2. Description of Related Art
With the rapid development of today's electronic products, transfer rate and data storage capacity of the electronic products are increased to a great extent. In such high frequency and high-speed electronic equipments, it is desirable that all electronic components of an interconnection path be optimized for signal transmission characteristics, otherwise the signal integrity of the system will be impaired or degraded. Obviously high frequency characteristics of the electronic components, such as risetime degradation or system bandwidth, crosstalk, impedance control and propagation delay, play a significant role in signal transmission. When transmitting high-speed data signals through a conductive transmission medium, the integrity of the received signals depends on the impedance over the signal path mainly. So impedance becomes an important considerable parameter.
It is usually very important to transfer power from one stage of an electronic device to the next. To transfer the maximum amount of power and the minimum of signal reflection, the output impedance of one stage must be the same as the input impedance of the next stage. This is so called impedance match. If a small impedance is connected to a big impedance, that is impedance mismatch, then the power that can pass through the connection is limited by the larger impedance. In general, impedance mismatch in a transmission path causes signal reflection, which leads to signal losses such as reduction in signal amplitude, cancellation of certain signals, and so on. Furthermore, part signal is reflected and transmitted to the primary stage due to signal reflection, which leads to disturb original signal and results in signal distortion. Accordingly, the more consistent the impedance over the path, the better the integrity of the received signal. Generally, each electrical component must be tested by characteristic impedance for satisfying with the certain specification requirement.
Referring to FIG. 5, the mini DVI connector can transmit two types of signal, digital signal and analog signal, and includes a plurality of digital signal terminals 31 and analog signal terminals 32, a plurality of grounding terminals 33 and power terminals (not labeled). In order to anti-EMI, a part of grounding terminals 331, 332 are respectively disposed between adjacent two analog signal terminals 321 and 322, as well as between adjacent two analog signal terminals 322 and 323. However, increasing the grounding terminals shall affect the characteristic impedance of the mini DVI connector. FIG. 6 and FIG. 7 are characteristic impedance test diagrams during the mini DVI connector transmitting analog signal.

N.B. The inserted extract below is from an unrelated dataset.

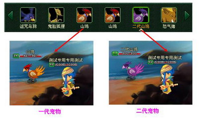 玩家抓获的宠物均为一代宠物,通过一代宠物培育出来的宠物为二代宠,它们的初始属性以及外观颜色都和一代宠不同:

The characteristic impedance is tested by using a Time Domain Reflectometer (TDR). Horizontal coordinate and vertical coordinate of the test diagram respectively represent Time and Voltage whose standard unit are second (sec.) and volt (V), and the test curve thereof reflects variation of the characteristic impedance. FIG. 6 is a characteristic impedance test diagram of the analog signal terminal 322 and FIG. 7 is a characteristic impedance test diagram of the analog signal terminals 321, 323. The analog signal terminals 321, 323 and the analog signal terminal 322 have different characteristic impedance. The characteristic impedance specification of the analog signal terminal of the electrical connector is 75 ohms±10%, so 75 ohms is a reference value in test. As shown in FIG. 6, the minimum of the characteristic impedance is only 66.6 ohms and exceeds the specification range so that it can't satisfy with the specification requirement, thereby affecting quality of signal transmission.
Hence, it is requisite to provide an improved mini DVI connector to overcome the above-mentioned disadvantages of the related art for improving the quality of signal transmission.

SUMMARY OF THE INVENTION

Accordingly, an object of the present invention is to provide a mini DVI electrical connector that can decrease variation range of characteristic impedance by changing terminal arrangement and simplify the mini DVI electrical connector.
In order to achieve the object set forth, a mini DVI electrical connector in accordance with the present invention can transmit digital signal and analog signal and comprises an insulative housing, a plurality of conductive terminals and a shielding shell. The insulative housing comprises a body portion, a mating portion extending forwardly from the body portion and a plurality of passageways defined therein. The conductive terminals are received in the passageways and includes a plurality of digital and analog signal terminals. The conductive terminals have plural groups arrayed in rows and conductive terminals of most groups are arrayed equidistantly. The group of conductive terminals including analog signal terminals has fewer terminals than other groups and the distance between the adjacent two analog signal terminals is twice the distance between adjacent two other types of terminals except the analog signal terminals.
Other objects, advantages and novel features of the invention will become more apparent from the following detailed description of the present embodiment when taken in conjunction with the accompanying drawings.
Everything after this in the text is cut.